• What you need to do:
Print out the data that follows exactly, character for character, apart from the pictures.

• Exercise data:
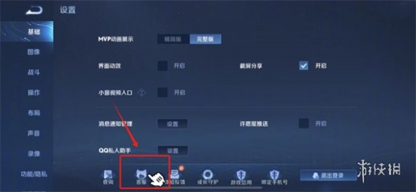 2、在設置界面中點擊左側的基礎,點擊下方的客服。
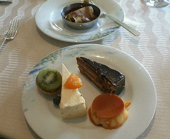 ディズニーシーにあるホテルミラコスタの地中海料理 オチェーアノに行って来ました。この日は天気も良くて、なかなかのランチ日よりです。 予約を入れていた1時数分前にお店に入り、スタッフの方の案内でテーブルにつきました。今回はコース料理にし、ゆったりと時間を過ごします。ランチの場合ブッフェもコースも値段の差はないのでお薦めです。たくさん食べたい方はブッフェをお薦めします。前菜、スープ、メインは魚か肉、最後にデザートといった感じでそれぞれ数種類から選択して、お料理は運ばれて来ます。今回選んだ中で、彩り野菜のパスタがありグリーンパスタに赤と黄色のパプリカが添えてあり、これがいい味を出していました。お肉は鴨肉があり注文しました。骨付きの鴨肉で程よい甘辛さが良かったです。最後にデザートですが、こちらはデザートブッフェにしていただき、いろんな種類をいただきました。というかこれがメインかと思うくらいデザートを官能しました。二枚目の画像は見た目汚いですけど、ティラミス、モンブラン、チーズケーキにイチゴのムースです。まだこの他にもアイスなど有りました。
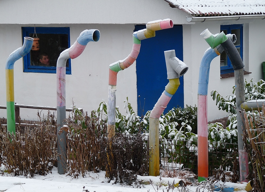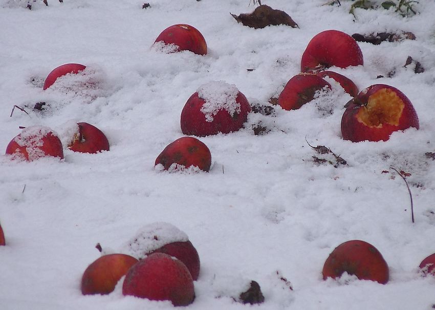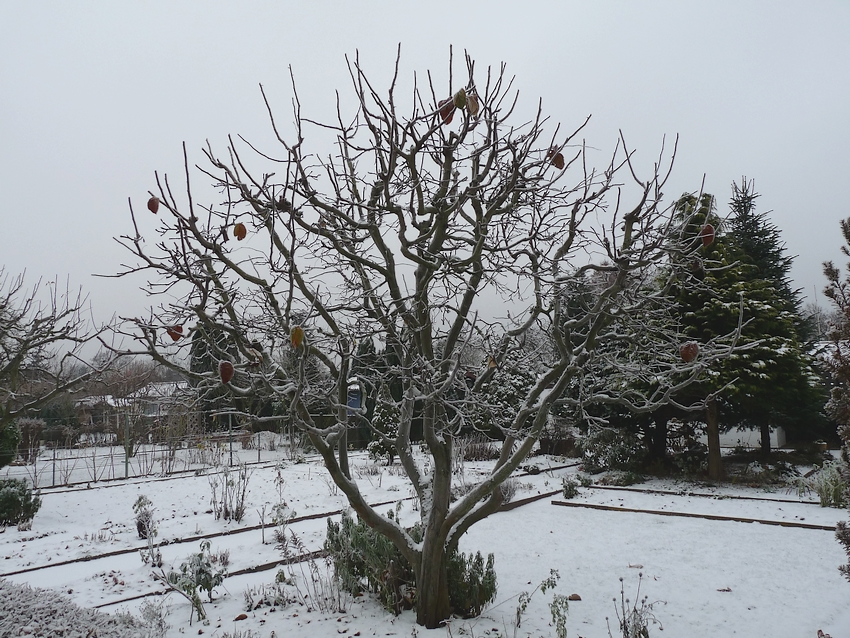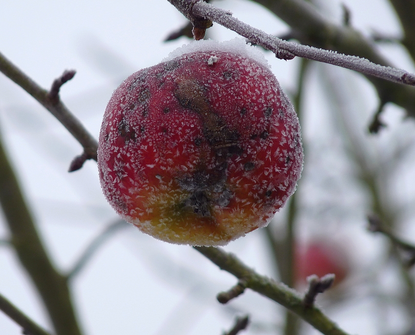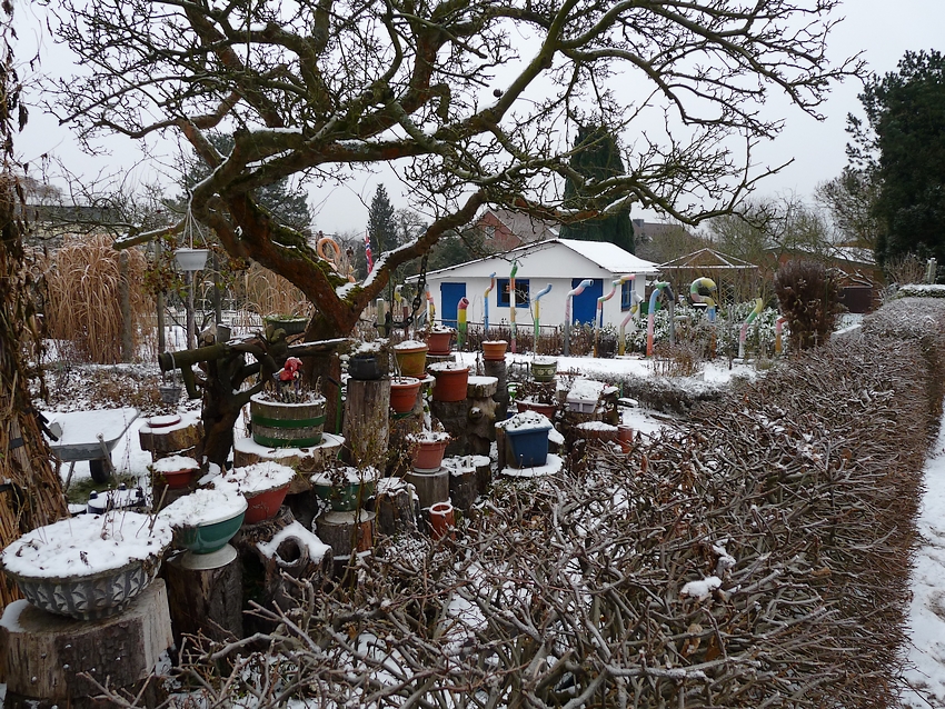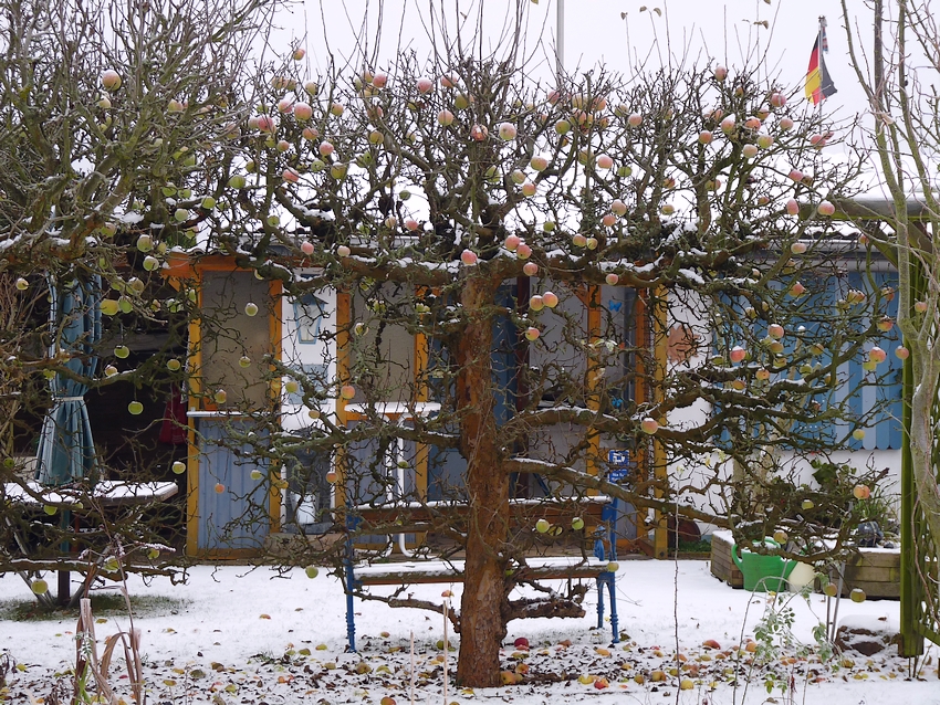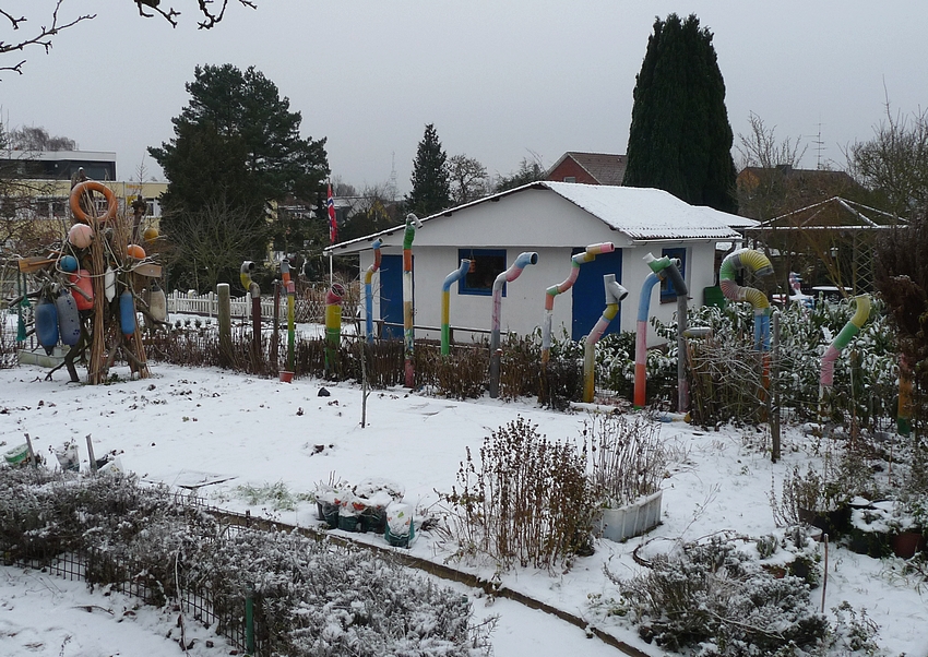 Our path led through colony gardens, which were a haven of winter impressions. Daintily frozen leaves, iced-over apples, glazed rose blossoms, the last survivors of the season. Tiny cabins, garden deco sometime queer competed for our attention.

• Written response:
 2、在設置界面中點擊左側的基礎,點擊下方的客服。
 ディズニーシーにあるホテルミラコスタの地中海料理 オチェーアノに行って来ました。この日は天気も良くて、なかなかのランチ日よりです。 予約を入れていた1時数分前にお店に入り、スタッフの方の案内でテーブルにつきました。今回はコース料理にし、ゆったりと時間を過ごします。ランチの場合ブッフェもコースも値段の差はないのでお薦めです。たくさん食べたい方はブッフェをお薦めします。前菜、スープ、メインは魚か肉、最後にデザートといった感じでそれぞれ数種類から選択して、お料理は運ばれて来ます。今回選んだ中で、彩り野菜のパスタがありグリーンパスタに赤と黄色のパプリカが添えてあり、これがいい味を出していました。お肉は鴨肉があり注文しました。骨付きの鴨肉で程よい甘辛さが良かったです。最後にデザートですが、こちらはデザートブッフェにしていただき、いろんな種類をいただきました。というかこれがメインかと思うくらいデザートを官能しました。二枚目の画像は見た目汚いですけど、ティラミス、モンブラン、チーズケーキにイチゴのムースです。まだこの他にもアイスなど有りました。
 Our path led through colony gardens, which were a haven of winter impressions. Daintily frozen leaves, iced-over apples, glazed rose blossoms, the last survivors of the season. Tiny cabins, garden deco sometime queer competed for our attention.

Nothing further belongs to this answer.